▶ [Directions]: Output every entry exactly as written, skipping any pictures.

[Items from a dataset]
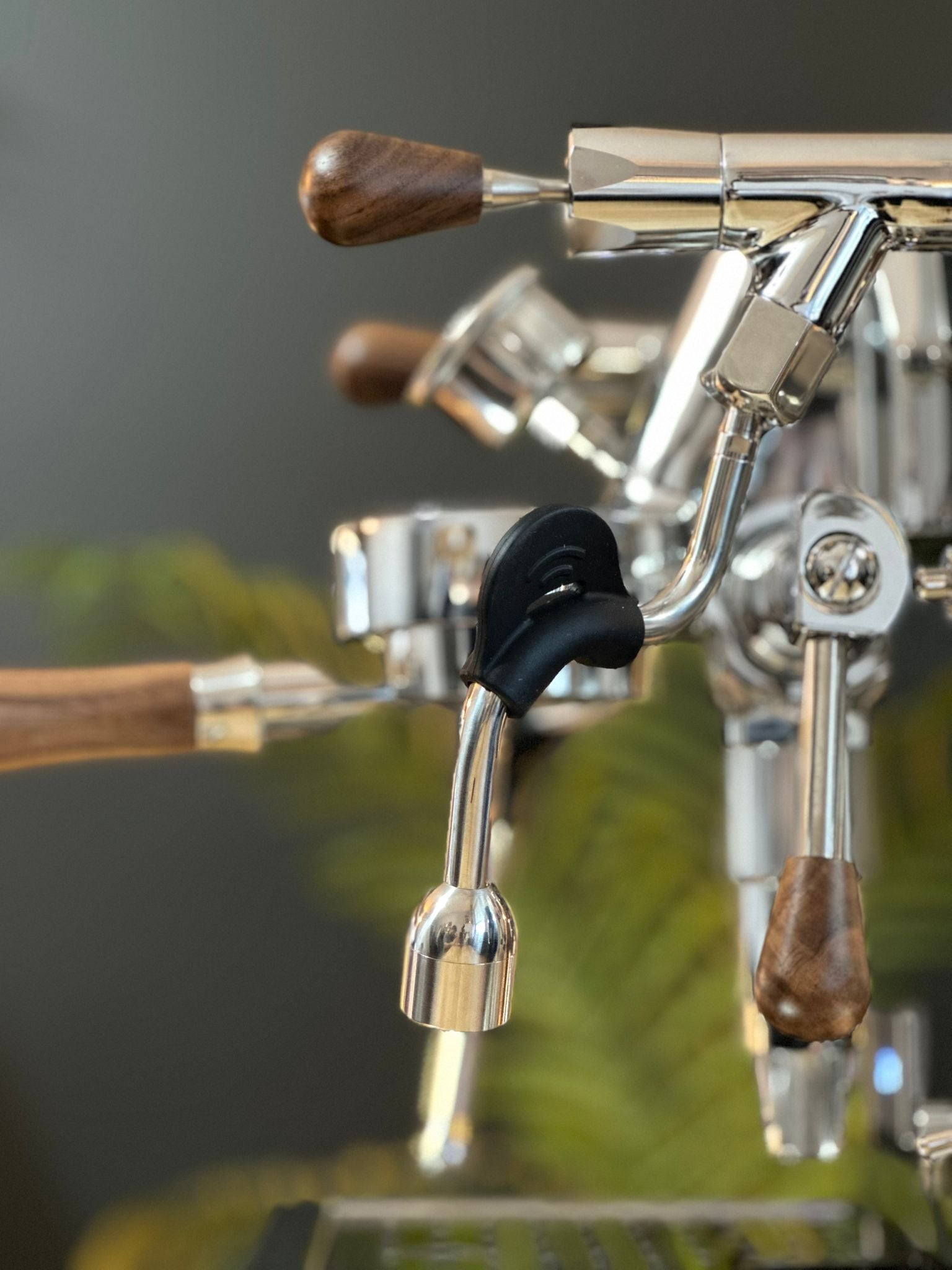 The machine’s black walnut handles on the joystick controls, portafilter, and included tamper add a luxurious touch, elevating the machine’s aesthetic. The joysticks are designed to lock into place, allowing for more ergonomic use. The 58mm portafilter comes with single and double baskets, providing flexibility in shot size, while the included accessories, such as the quality wood-handle tamper, ensure you have everything you need to craft your perfect cup.
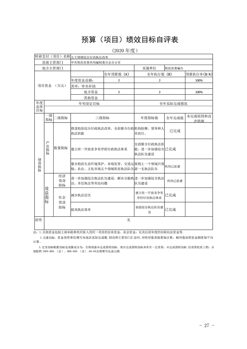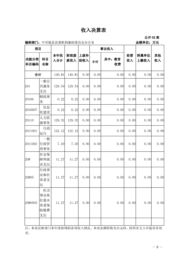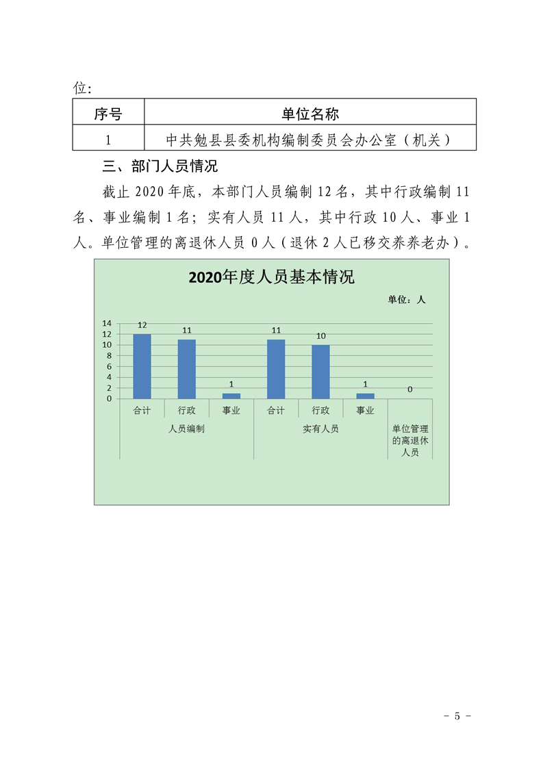 中共勉县县委机构编制委员会办公室2020年部门决算公开
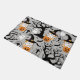 An adorable kawaii kitty dressed as a witch, holding an orange pumpkin, as she goes trick or treating in a spooky graveyard surrounded by ghosts and bats.
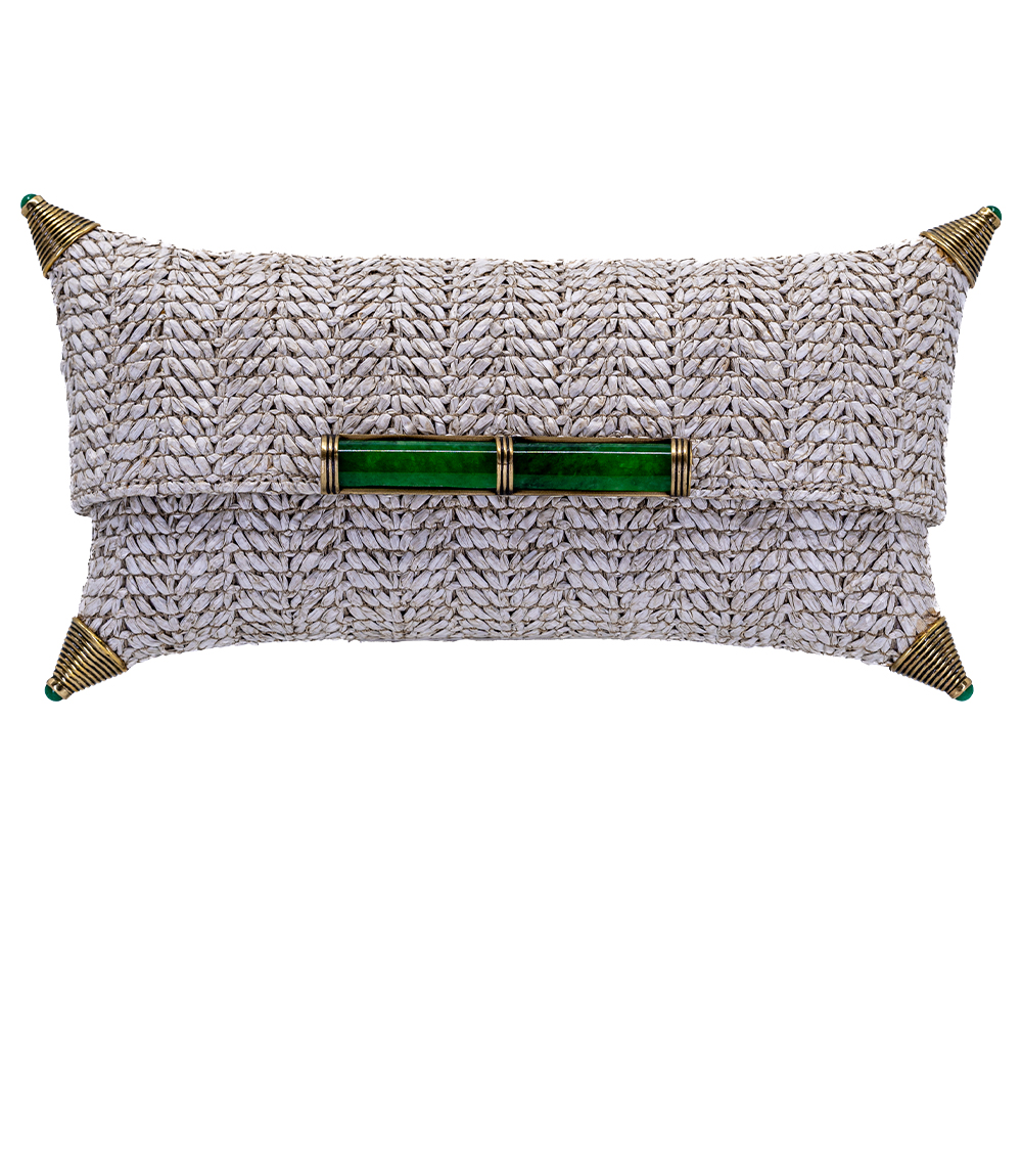The Viola clutch in this version is handmade in Portugal out of off white straw effect fabric, embellished by a striking horizontal bar detail featuring a green quartz stone centerpiece framed in gold-tone brass. The brass corners are studded with 6mm malachite stones. Lined with cappuccino colored suede. Comes in its own dust bag.
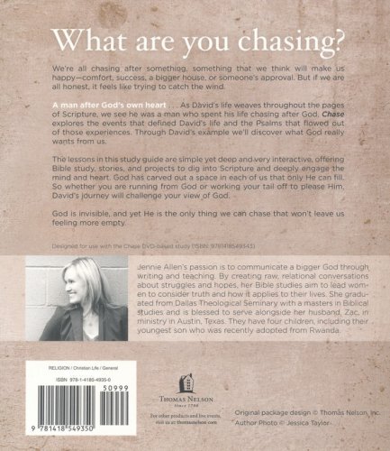 David's life shatters our ideas of what God wants from us. In Chase, Jennie shows us a man who spent his life chasing after God, which points to several things we shouldn't be chasing:
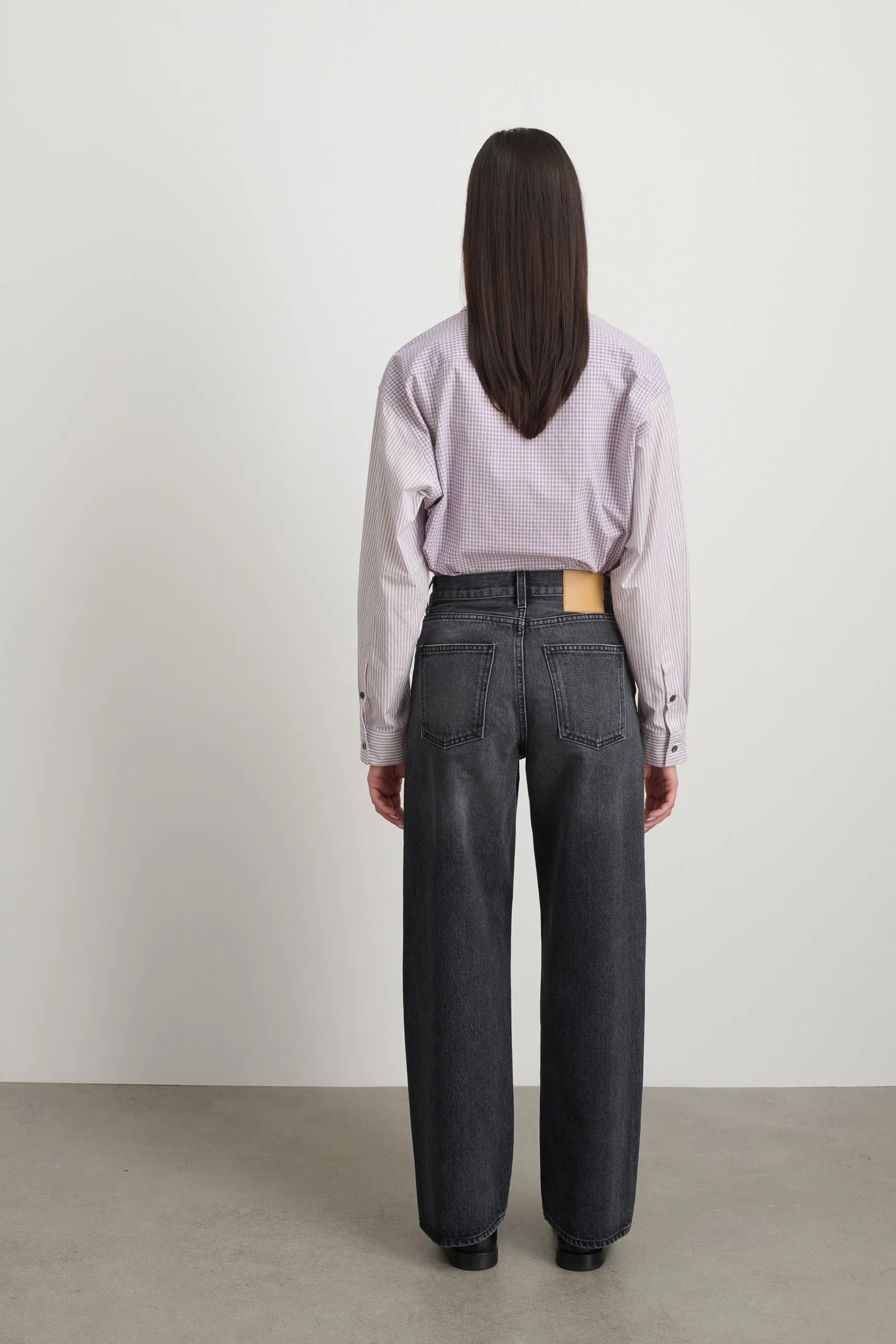 Our Elissa Jean-- Jeans inspired by chance run-in's with longtime friend and collaborator Elissa Santisi and her timeless downtown ease. Cut from cotton rich black/black yarn dyed denim, that is stone washed for a tailored broken-in look. Designed to sit high on the waist, close to the hip and fall into a relaxed wide-leg silhouette.

▶ [Task solution]:
 The machine’s black walnut handles on the joystick controls, portafilter, and included tamper add a luxurious touch, elevating the machine’s aesthetic. The joysticks are designed to lock into place, allowing for more ergonomic use. The 58mm portafilter comes with single and double baskets, providing flexibility in shot size, while the included accessories, such as the quality wood-handle tamper, ensure you have everything you need to craft your perfect cup.
 中共勉县县委机构编制委员会办公室2020年部门决算公开
 An adorable kawaii kitty dressed as a witch, holding an orange pumpkin, as she goes trick or treating in a spooky graveyard surrounded by ghosts and bats.
The Viola clutch in this version is handmade in Portugal out of off white straw effect fabric, embellished by a striking horizontal bar detail featuring a green quartz stone centerpiece framed in gold-tone brass. The brass corners are studded with 6mm malachite stones. Lined with cappuccino colored suede. Comes in its own dust bag.
 David's life shatters our ideas of what God wants from us. In Chase, Jennie shows us a man who spent his life chasing after God, which points to several things we shouldn't be chasing:
 Our Elissa Jean-- Jeans inspired by chance run-in's with longtime friend and collaborator Elissa Santisi and her timeless downtown ease. Cut from cotton rich black/black yarn dyed denim, that is stone washed for a tailored broken-in look. Designed to sit high on the waist, close to the hip and fall into a relaxed wide-leg silhouette.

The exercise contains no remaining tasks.